Full code is available in GitHub.
This tutorial is an adaptation of Chapter 1 from the book Mining the Social Web, 2nd Edition which uses Simplified BSD License. We thank the original authors for their contribution.
Installation
Twitter has taken great care to craft an elegantly simple RESTful API that is intuitive and easy to use. Even so, there are great libraries available to further mitigate the work involved in making API requests. A particularly beautiful Python package that wraps the Twitter API and mimics the public API semantics almost one-to-one is twitter.
In this tutorial, we will use twitter to make API calls. This is a python wrapper for twitter APIs.
For Mac and Linux students, you can install this package in a terminal with pip with the command pip install twitter
, preferably from within a Python virtual environment.
For Windows students, please run
Scripts\pip.exe install twitter
under Anaconda installation directory, that is C:\Users\your_name\Anaconda
.
# Run this cell to make sure you install
import twitter # There should be no error.
Authentication
Now we are ready to play with Twitter API. Before that, we will talk about OAuth.
Suppose you just develop a game based on twitter and would like to share with your friends. To retrieve twitter-related information, you may just input your username and password to access the API. This might work fine for you, but your friend or colleague probably wouldn’t feel comfortable inputing plain text username and password in your application. After all, who knows whether your application is doing something strange behind? Even you are trusted by them, it's never a good idea to store password in plain text as once your application is cracked they will be all leaked. Therefore, we need a way for authorization without giving up our credentials.
OAuth is designed to cope with these situations. OAuth stands for "Open Authorization". It specifies a process for resource owners (your friend) to authorize third-party (your application) access to their server resources (twitter user name, bio, following etc.) without sharing their credentials. Designed specifically to work with Hypertext Transfer Protocol (HTTP), OAuth essentially allows access tokens to be issued to third-party clients by an authorization server, with the approval of the resource owner.
Some useful terms:
1. Third Party Applications: or `client`. For example, your game.
2. HTTP Service: or simply service.
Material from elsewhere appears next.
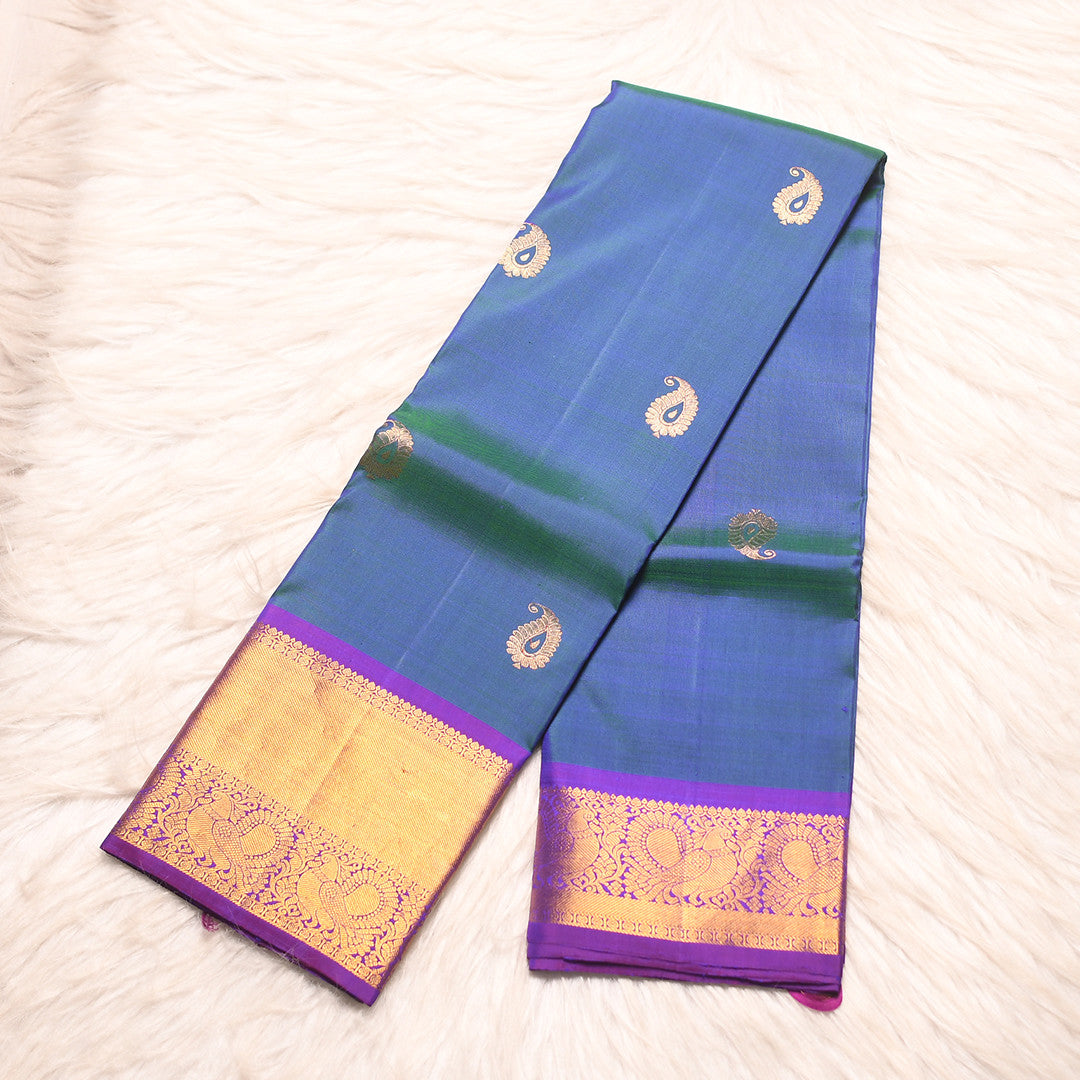 Drape yourself in timeless elegance with this exquisite 6-yard saree, featuring a serene blue body adorned with delicate small buttis that catch the light beautifully. The striking purple border frames the fabric with refined sophistication, while the coordinating purple pallu adds a luxurious finishing touch. Perfect for celebrations and special occasions, this piece combines traditional craftsmanship with a contemporary color palette. The intricate detailing and premium weave make it an investment in enduring style.
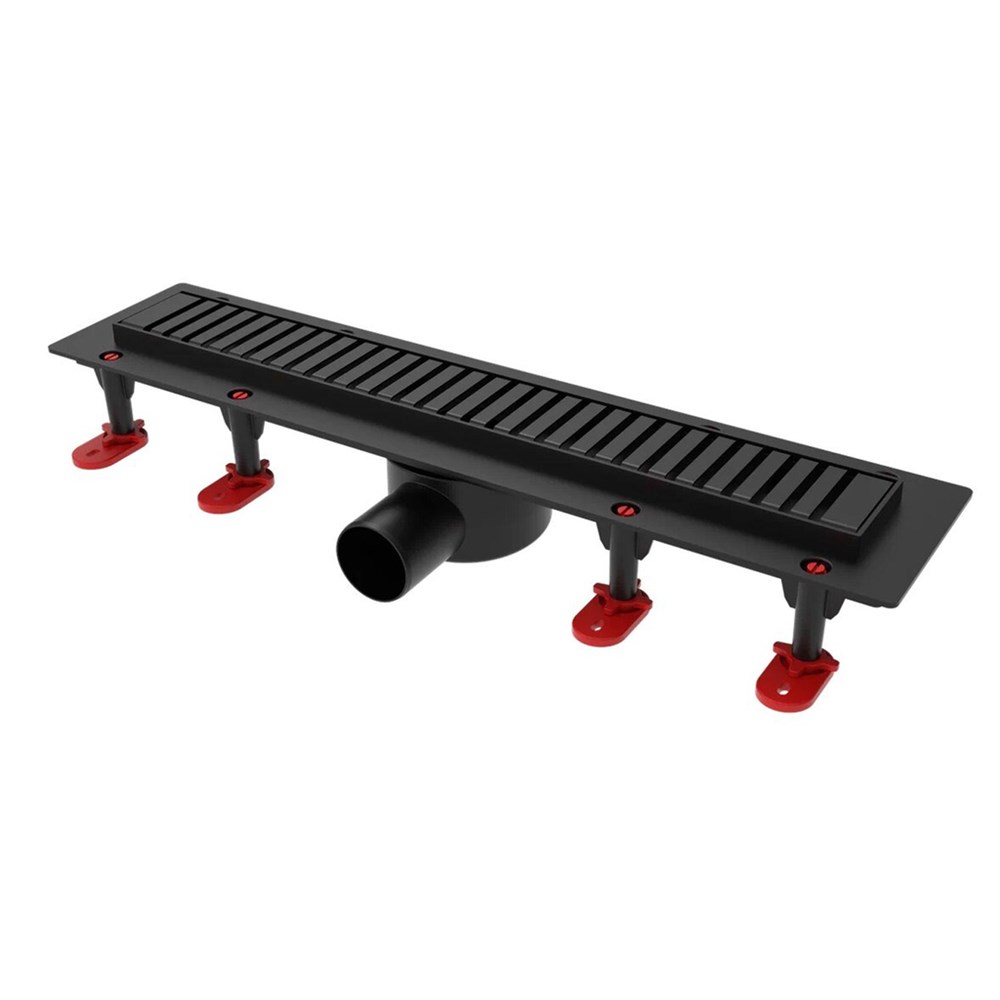 Трап линейный ТП-55D-600 решетка из нерж. стали "Полосы"с гориз. вых.D50 мм рамка из пластика ЧЕРНЫЙ

For example, twitter.
3. Resource owner: the user of your application.
4. Authorization server: the server of HTTP service that's in charge of authorization.
5. Resource server: the server of HTTP service that stores user information.
Note that authorization server and resource server can be the same machine, or not, or a distributed data farm.
The protocol flow of OAuth is demonstrated in RFC 6749
+--------+ +---------------+
| |--(A)- Authorization Request ->| Resource |
| | | Owner |
| |<-(B)-- Authorization Grant ---| |
| | +---------------+
| |
| | +---------------+
| |--(C)-- Authorization Grant -->| Authorization |
| Client | | Server |
| |<-(D)----- Access Token -------| |
| | +---------------+
| |
| | +---------------+
| |--(E)----- Access Token ------>| Resource |
| | | Server |
| |<-(F)--- Protected Resource ---| |
+--------+ +---------------+
So the steps are:
The client requests authorization from the resource owner.
The client receives an authorization grant, which is a credential representing the resource owner's authorization.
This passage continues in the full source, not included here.